Casa Salazar was designed in 1911 by Blas Silva Boucher as the residence of Dr. Guillermo Salazar Palau and his wife Sara Isabel Rivera Carbonell. Later, it became the headquarters of the Alianza Nacionalista de Ponce (Ponce Nationalist Alliance) and later on yet, the headquarters for the Liga Progresista de Ponce (Ponce Progressive League), an organization seeking to preserve and advance the social, cultural, and commercial interest of the city during the first half of the twentieth century.

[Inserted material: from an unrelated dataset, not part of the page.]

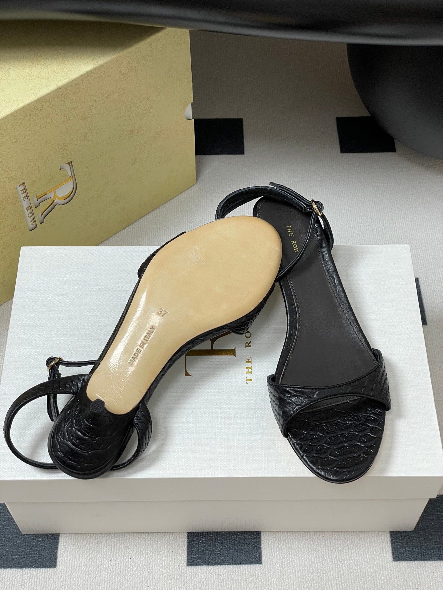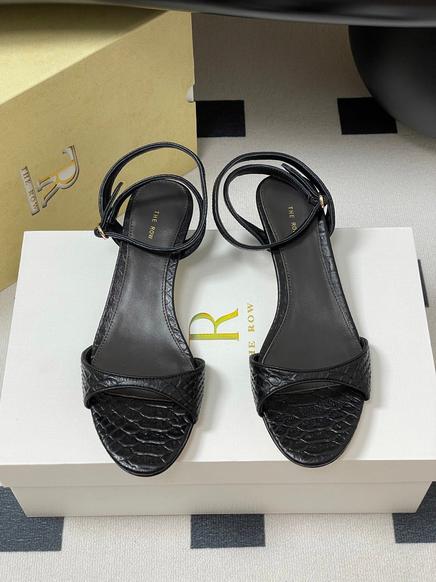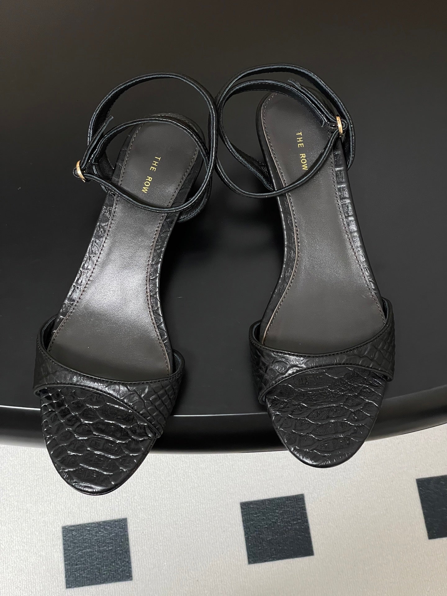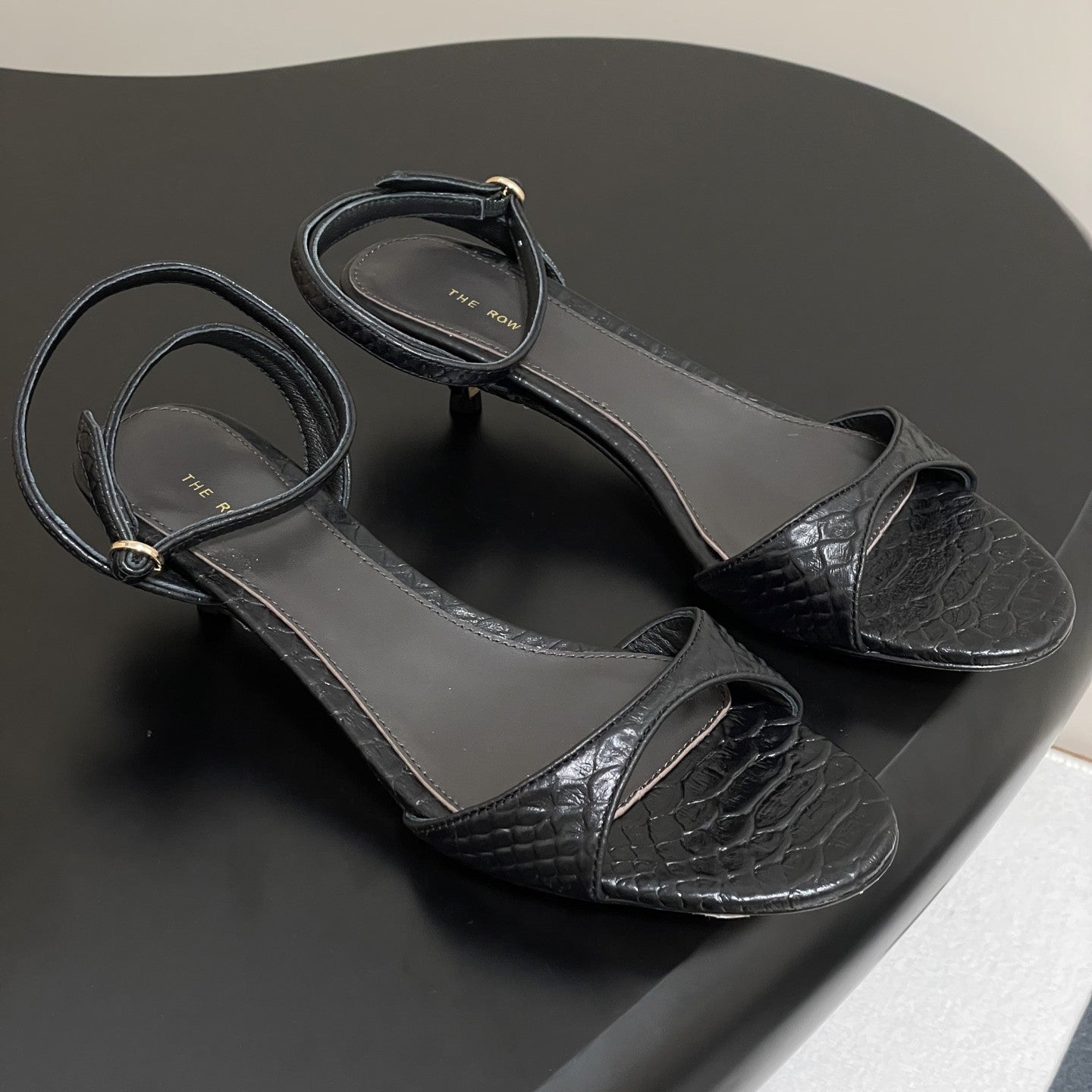 The Row 25S Strap High Heel Sandals 35mm Black Snake Pattern Cowhide 286197

Casa Salazar-Candal is one of a group of stylistically eclectic houses built in Ponce between 1900 and 1915. Designed by architect Blas C. Silva Bouscher in 1911, the building reflects an emerging tendency to incorporate freely diverse and competing architectural motifs. The facade is distinctly rendered in roccoco and moorish detailing to emphasize its bifunctional character as a home and an office respectively. The portion of the structure designed to shelter the family is refined, delicately ornamented and asymmetrical. It utilizes a balcony, raised and detached from the street as a transitional zone between the public and the private sphere.

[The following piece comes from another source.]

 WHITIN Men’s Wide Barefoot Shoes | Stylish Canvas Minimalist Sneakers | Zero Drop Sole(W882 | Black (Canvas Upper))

In contrast to the refinement and gentility of the house expressed by its fluted corinthian columns, floral surrounds and composite entablure, the office is fashioned as a moorish garrison exhibiting a crenelated parapet, horseshoe arches with simplified surrounds and planar surfaces. The building plane of the office is pushed forward to meet the sidewalk for public access in order to further express its utilitarian function.